Self-assembly graphene oxide membrane embedded with CPU@PAA@TiO2 for enhancing the dyes separation and photocatalytic self-cleaning performance

Abstract

Low separation efficiency and poor reusability have become the most important factors restricting the development of membranes in water purification. Herein, a photocatalytic self-cleaning graphene oxide (GO) membrane with a unique intercalated structure of CPU@PAA@TiO2 (CPU: CNS@PDA@UiO-66-NH2, PAA: polyacrylic acid, CNS: carbon nanospheres, PDA: polydopamine) was prepared by simple vacuum filtration self-assembly. The water channels formed by photocatalysis nano-filler CPU@PAA@TiO2 and the dense laminated structure of GO layer existed in the membrane at the same time. The core-shell CPU has a larger photocatalytic area than UiO-66-NH2. Moreover, the crosslinking modification of CPU, PAA, and TiO2 leads to an excellent water flux, dye separation performance, and photocatalytic activity of composite membranes.
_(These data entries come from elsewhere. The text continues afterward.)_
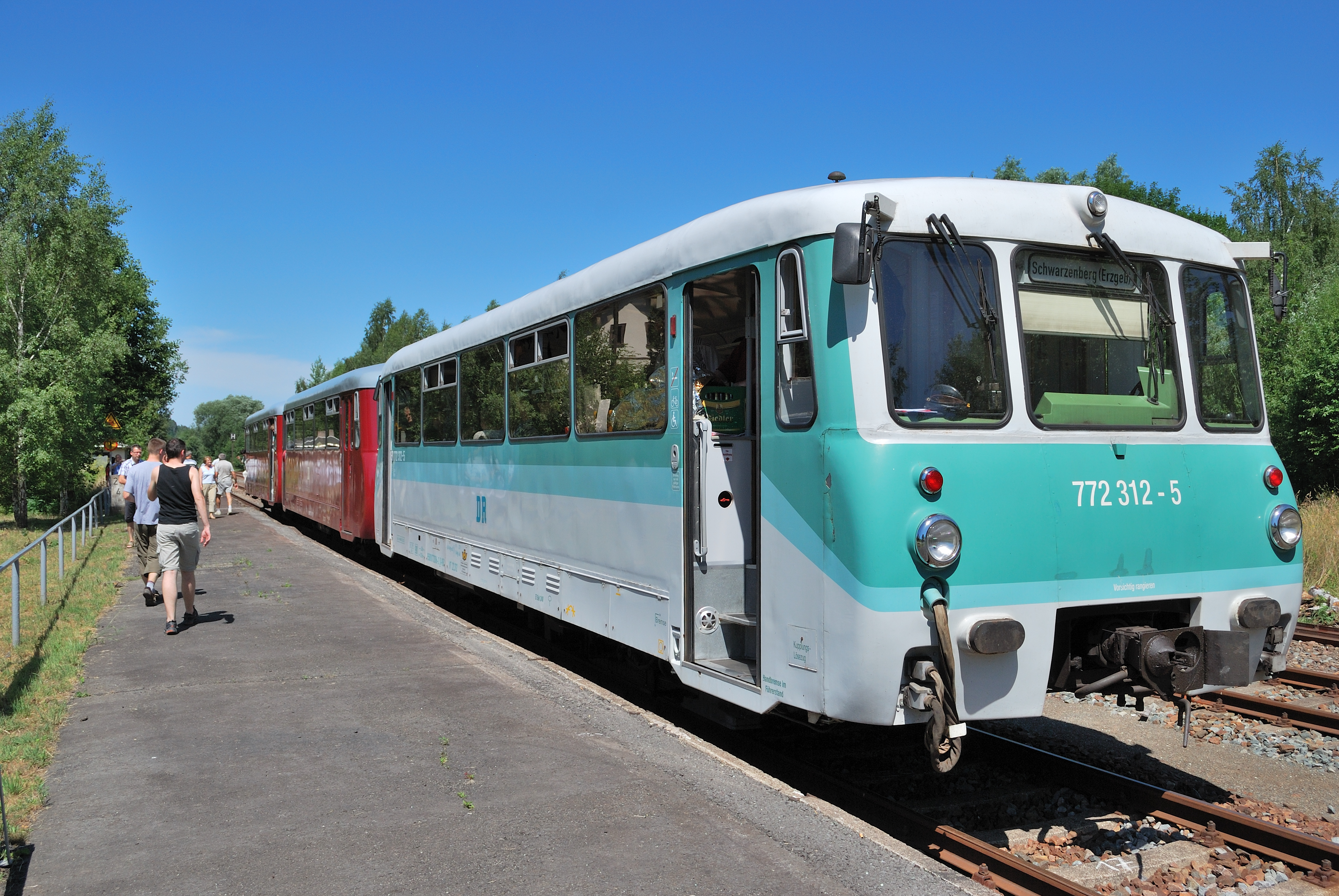 Historical train in Ore Mountains, Saxony in Germany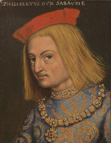 Philibert II of Savoy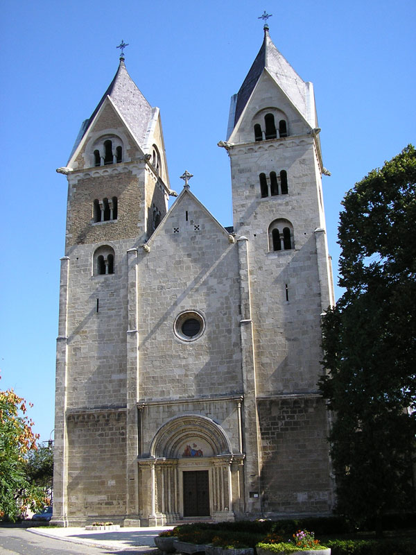 The Roman Catholic Church of Saint James in the village Lébény, Hungary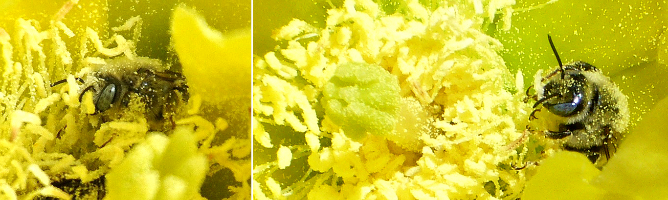 The same Diadasia bee in two foraging positions. The metedata below is reflecting the white background matting shot's specs and time stamps, not the pasted photo's specs. The photos were taken on May 9th, 2017, at approximately noon, with a Nikon D-90, and an 18-70mm lens.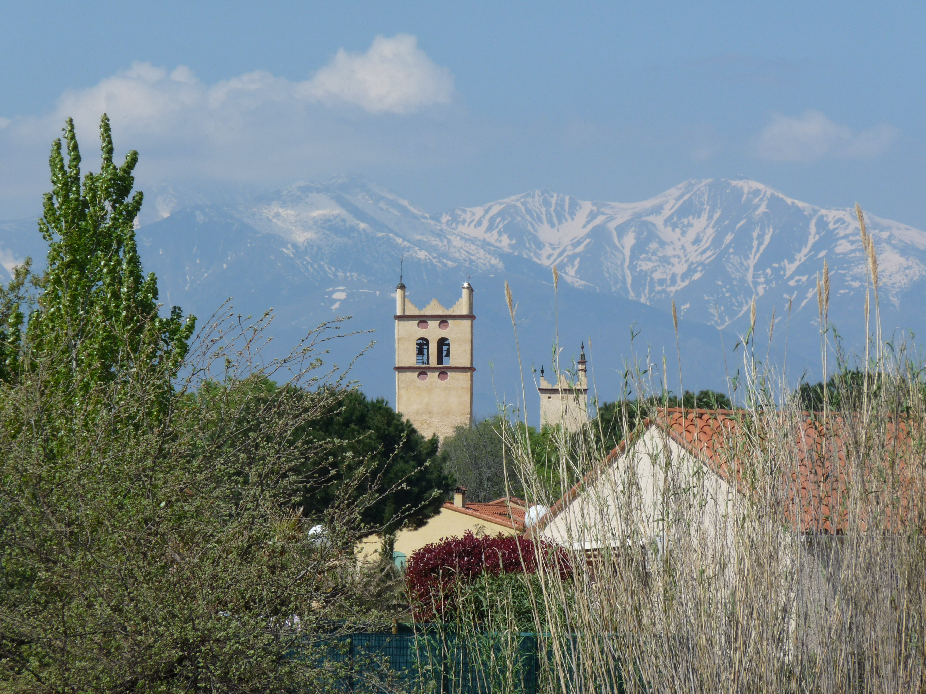 View of the bell-towers of the old abbaye of Saint-Génis-des-Fontaines (Pyrénées-Orientales) with the Canigou in the background.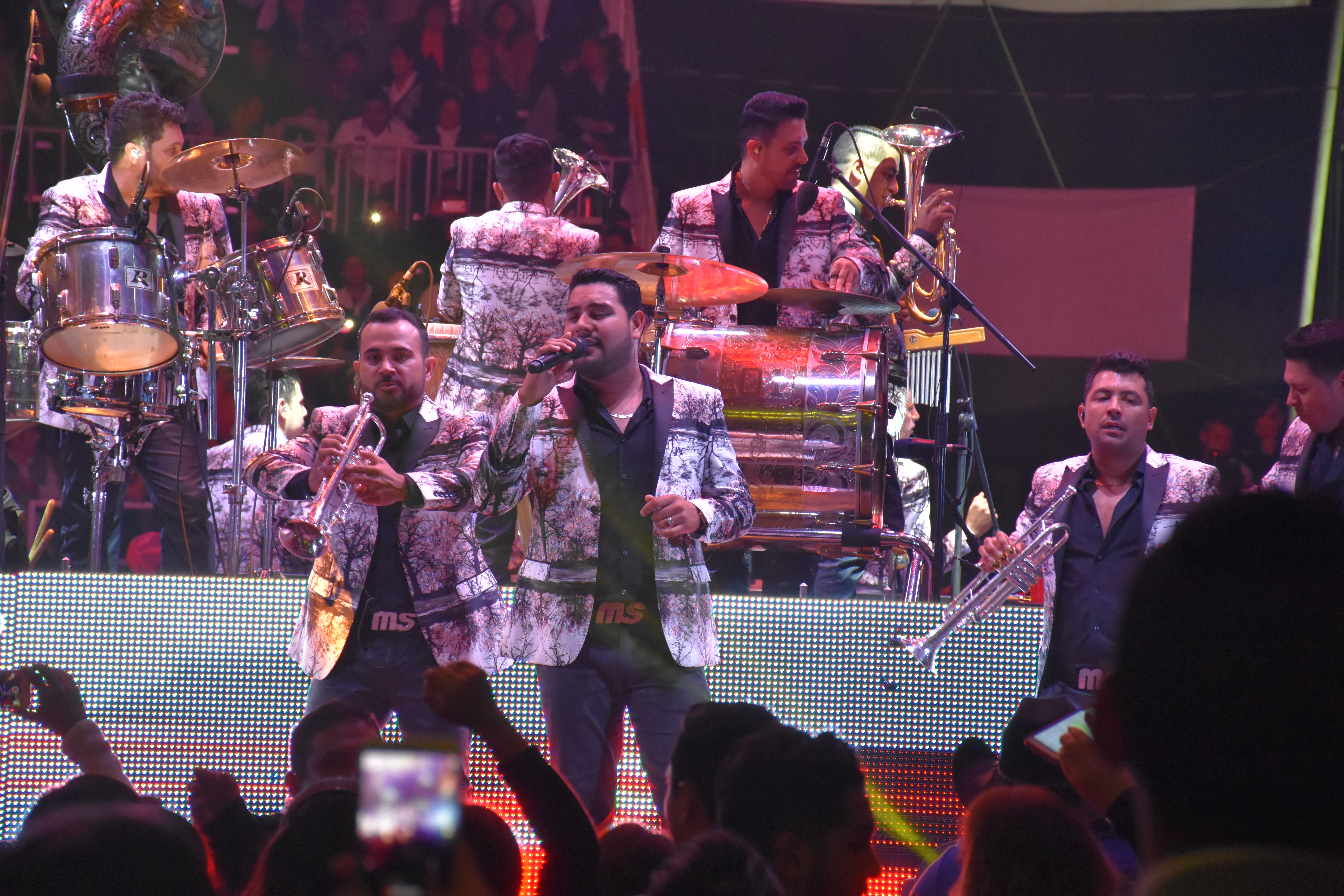 Banda MS during a concert at Feria de Cholula, 2016.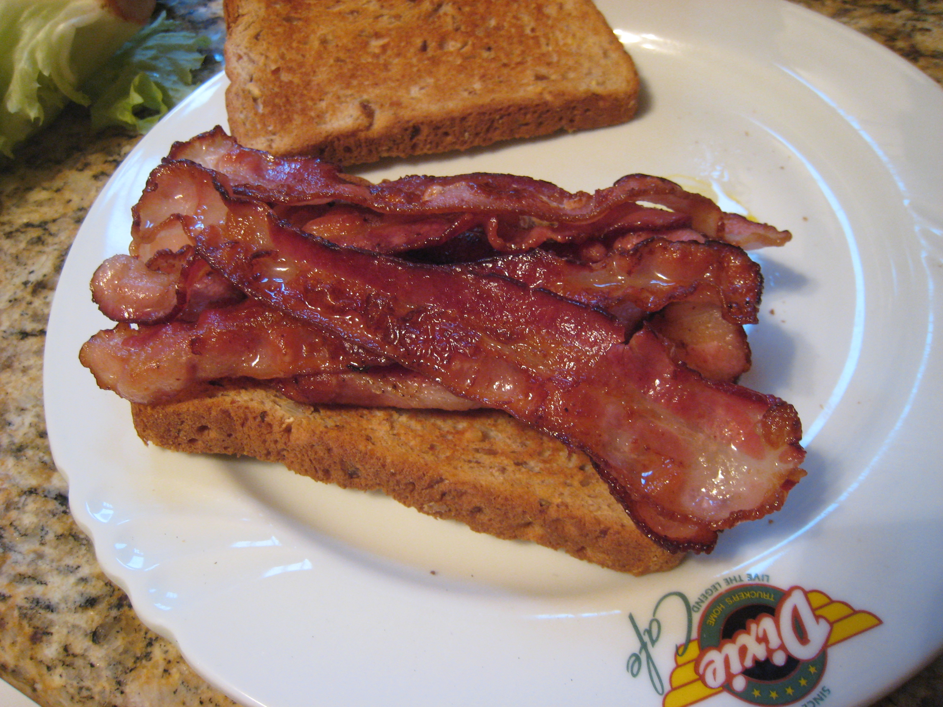 The Dixie Travel Plaza, Dixie Truck Stop or Dixie Trucker's Home in McLean was established by J.P. Walters and John Geske in 1928 on old US Route 66 in Illinois as a small sandwich stand in a truck mechanic's garage. This section of U.S. Route 66 is now part of Interstate 55.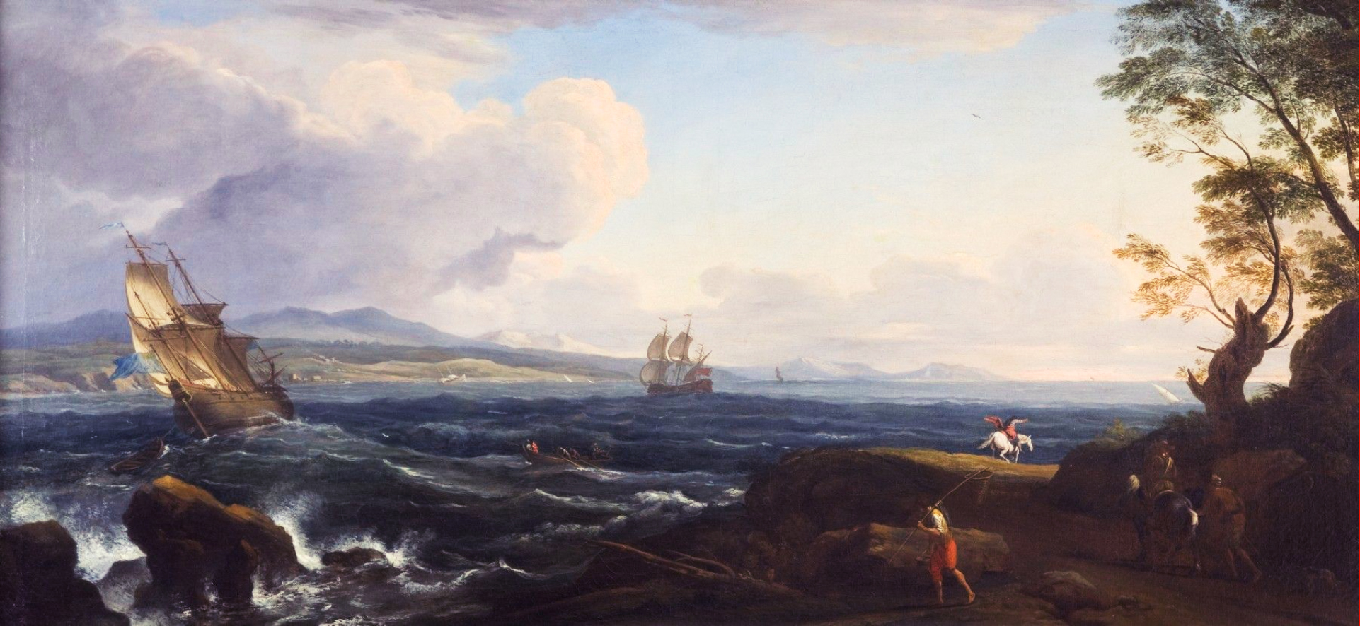 Fishermen and horsemen on a rocky coast oil on canvas 56 x 122 cm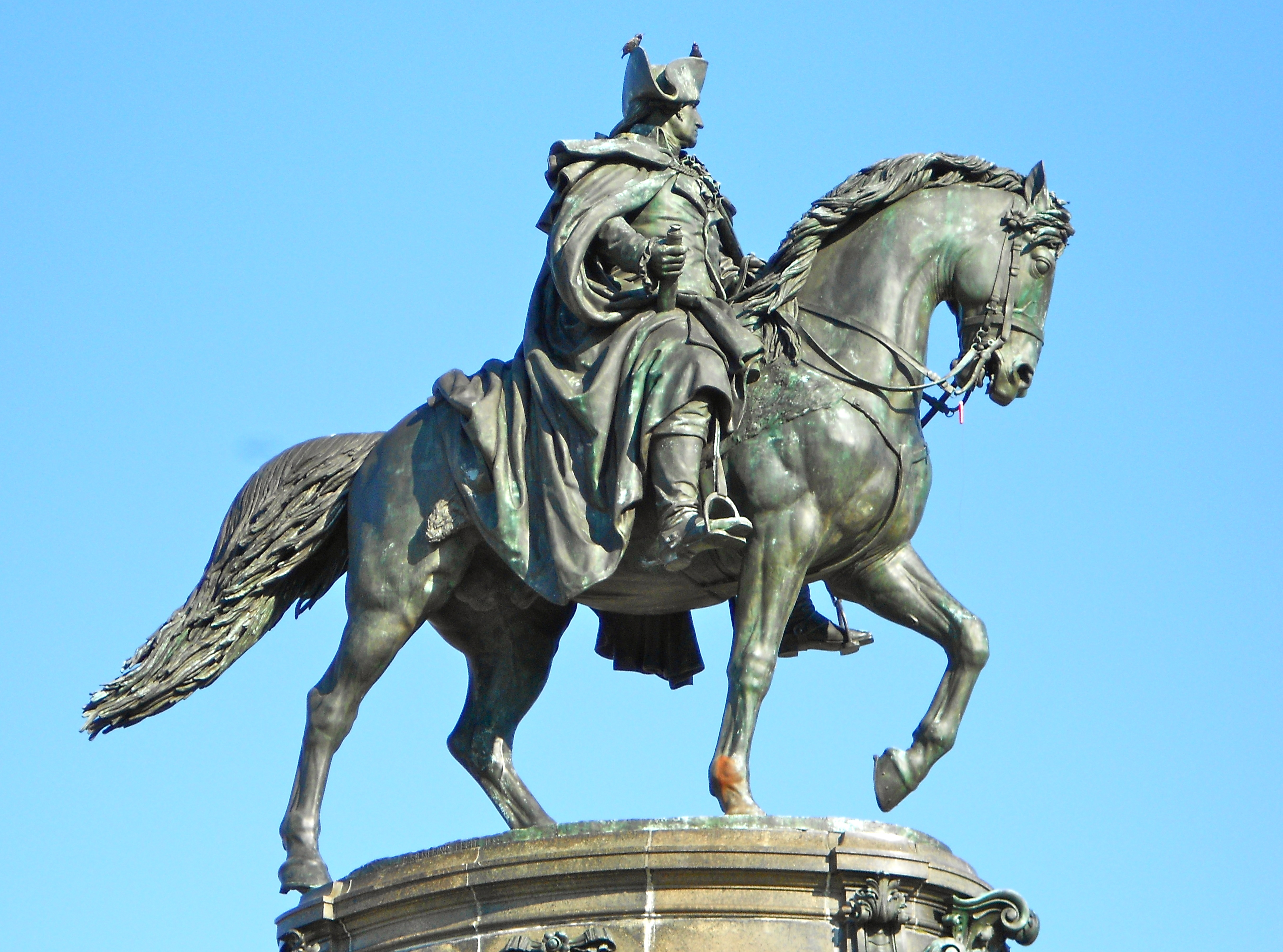 Sculpture from 1800s in front of Philadelphia Museum of Art, the George Washington statue.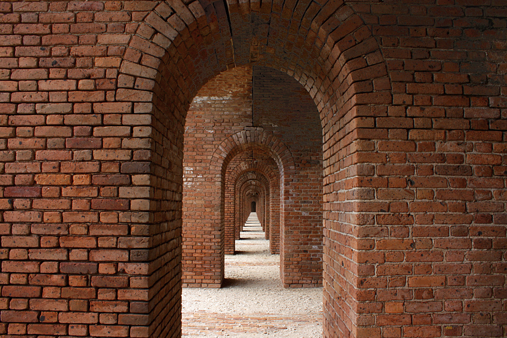 Fort Jefferson, Dry Tortugas National Park, Florida, USA

The water flux of GO/CPU/PAA/TiO2 membrane was 230.48 L ∙ m−2∙ h−1∙ bar−1, and the flux of three dyes was over 220 L ∙ m−2∙ h−1∙ bar−1 while the removal rates were over 99.5%. After 120 min of visible light irradiation, the GO/CPU/PAA/TiO2 membrane exhibited an enhanced degradation (94.21%) for methylene blue because of the suitable band-gap alignment and synergistic effect between CPU and TiO2. In addition, the GO/CPU/PAA/TiO2 membrane exhibited excellent acid/alkaline-stability and reusability in dye filtration and photocatalytic performance. The results indicated that the GO/CPU/PAA/TiO2 membrane has great potential in water purification and photocatalytic self-cleaning.